Source records:

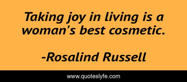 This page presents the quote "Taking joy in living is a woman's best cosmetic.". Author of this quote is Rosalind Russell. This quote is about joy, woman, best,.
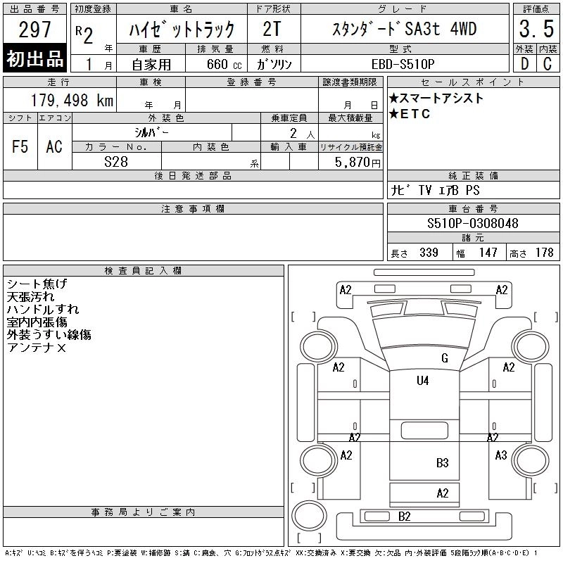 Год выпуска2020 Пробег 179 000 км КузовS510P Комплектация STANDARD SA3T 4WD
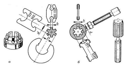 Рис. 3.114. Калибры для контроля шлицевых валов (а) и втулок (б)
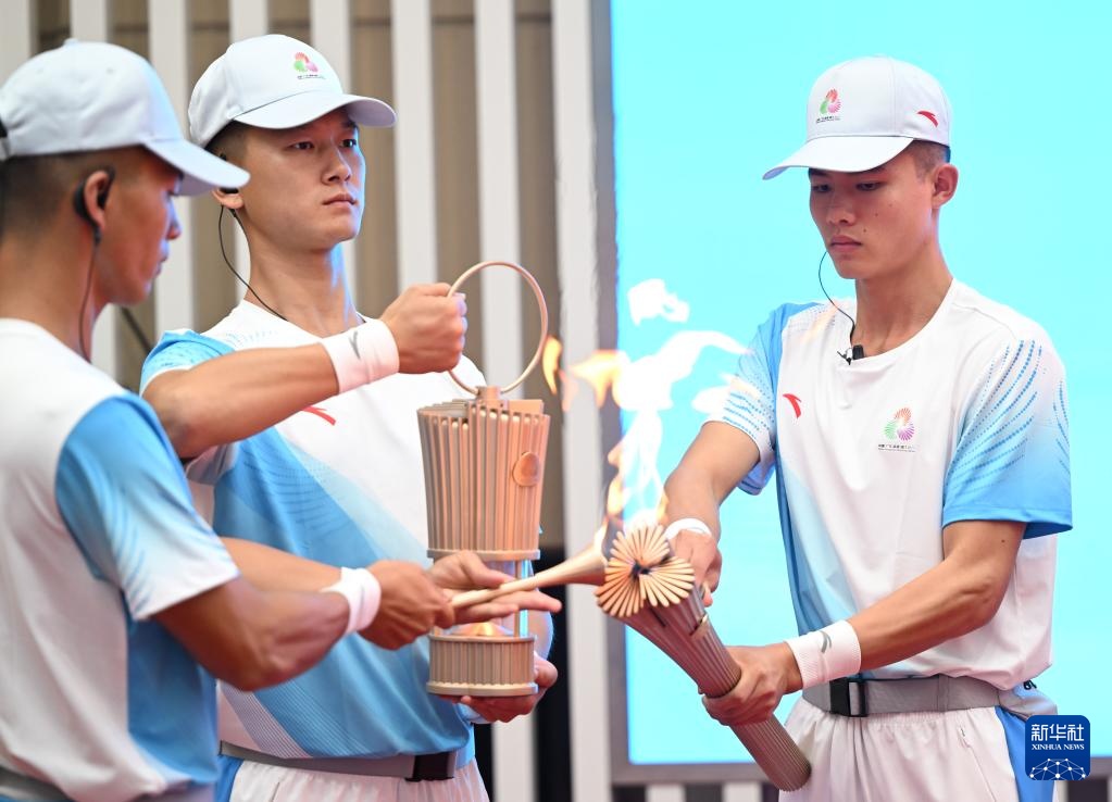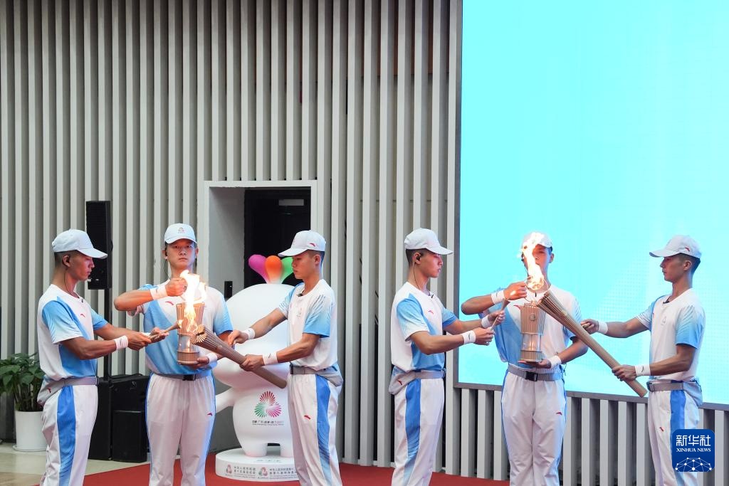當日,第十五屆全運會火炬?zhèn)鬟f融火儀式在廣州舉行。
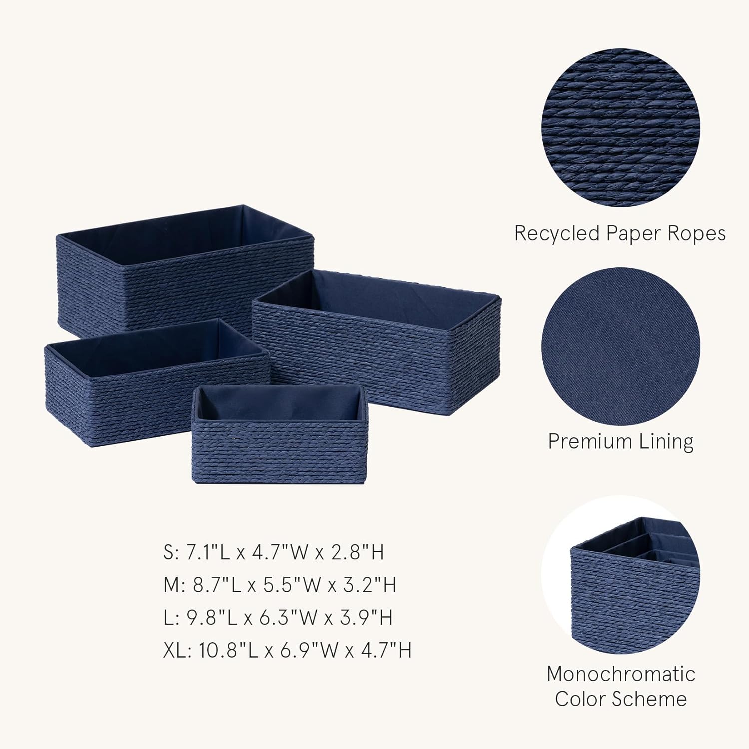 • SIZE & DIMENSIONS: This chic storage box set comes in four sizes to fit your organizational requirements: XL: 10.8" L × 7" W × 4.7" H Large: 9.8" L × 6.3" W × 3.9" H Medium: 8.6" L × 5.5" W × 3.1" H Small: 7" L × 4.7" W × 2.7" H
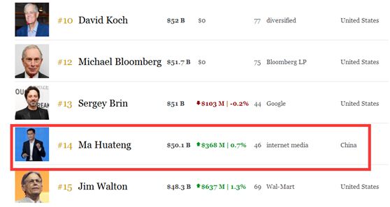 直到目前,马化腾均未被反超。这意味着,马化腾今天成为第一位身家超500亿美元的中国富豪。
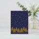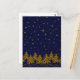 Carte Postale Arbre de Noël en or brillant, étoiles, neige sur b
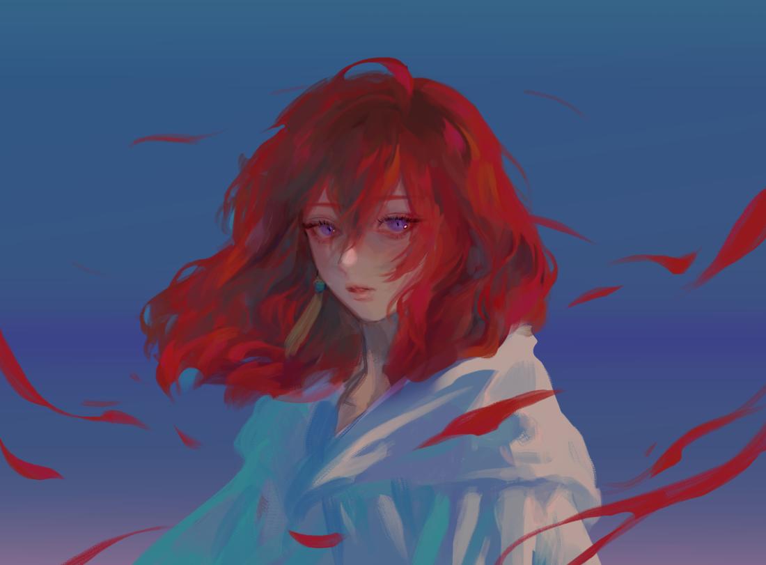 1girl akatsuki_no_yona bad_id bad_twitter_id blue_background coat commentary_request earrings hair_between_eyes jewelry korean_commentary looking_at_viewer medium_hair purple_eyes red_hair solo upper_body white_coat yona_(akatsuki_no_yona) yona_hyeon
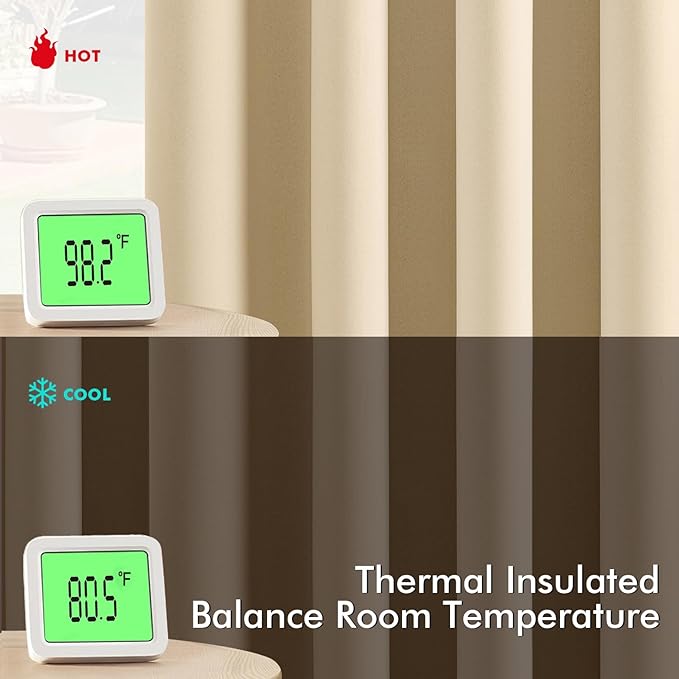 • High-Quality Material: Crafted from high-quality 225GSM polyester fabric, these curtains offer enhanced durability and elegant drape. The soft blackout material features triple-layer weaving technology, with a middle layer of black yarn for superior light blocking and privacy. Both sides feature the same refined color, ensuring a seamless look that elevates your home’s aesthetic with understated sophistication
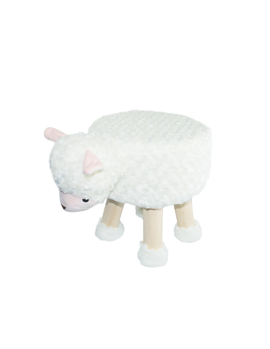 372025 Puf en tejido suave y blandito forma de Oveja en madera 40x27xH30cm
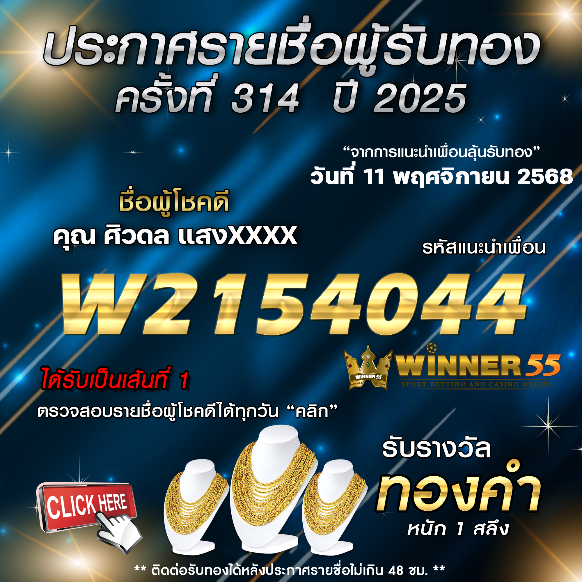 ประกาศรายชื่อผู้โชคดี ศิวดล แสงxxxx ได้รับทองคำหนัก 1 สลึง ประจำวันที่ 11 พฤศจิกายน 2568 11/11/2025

Exercise: The needed output is the lines from the one with "當日,第十五屆全運會火炬?zhèn)鬟f融火儀式在廣州舉行。" through the end of the listing, written out exactly, both ends included, pictures excluded.

Answer for this exercise:
當日,第十五屆全運會火炬?zhèn)鬟f融火儀式在廣州舉行。
 • SIZE & DIMENSIONS: This chic storage box set comes in four sizes to fit your organizational requirements: XL: 10.8" L × 7" W × 4.7" H Large: 9.8" L × 6.3" W × 3.9" H Medium: 8.6" L × 5.5" W × 3.1" H Small: 7" L × 4.7" W × 2.7" H
 直到目前,马化腾均未被反超。这意味着,马化腾今天成为第一位身家超500亿美元的中国富豪。
 Carte Postale Arbre de Noël en or brillant, étoiles, neige sur b
 1girl akatsuki_no_yona bad_id bad_twitter_id blue_background coat commentary_request earrings hair_between_eyes jewelry korean_commentary looking_at_viewer medium_hair purple_eyes red_hair solo upper_body white_coat yona_(akatsuki_no_yona) yona_hyeon
 • High-Quality Material: Crafted from high-quality 225GSM polyester fabric, these curtains offer enhanced durability and elegant drape. The soft blackout material features triple-layer weaving technology, with a middle layer of black yarn for superior light blocking and privacy. Both sides feature the same refined color, ensuring a seamless look that elevates your home’s aesthetic with understated sophistication
 372025 Puf en tejido suave y blandito forma de Oveja en madera 40x27xH30cm
 ประกาศรายชื่อผู้โชคดี ศิวดล แสงxxxx ได้รับทองคำหนัก 1 สลึง ประจำวันที่ 11 พฤศจิกายน 2568 11/11/2025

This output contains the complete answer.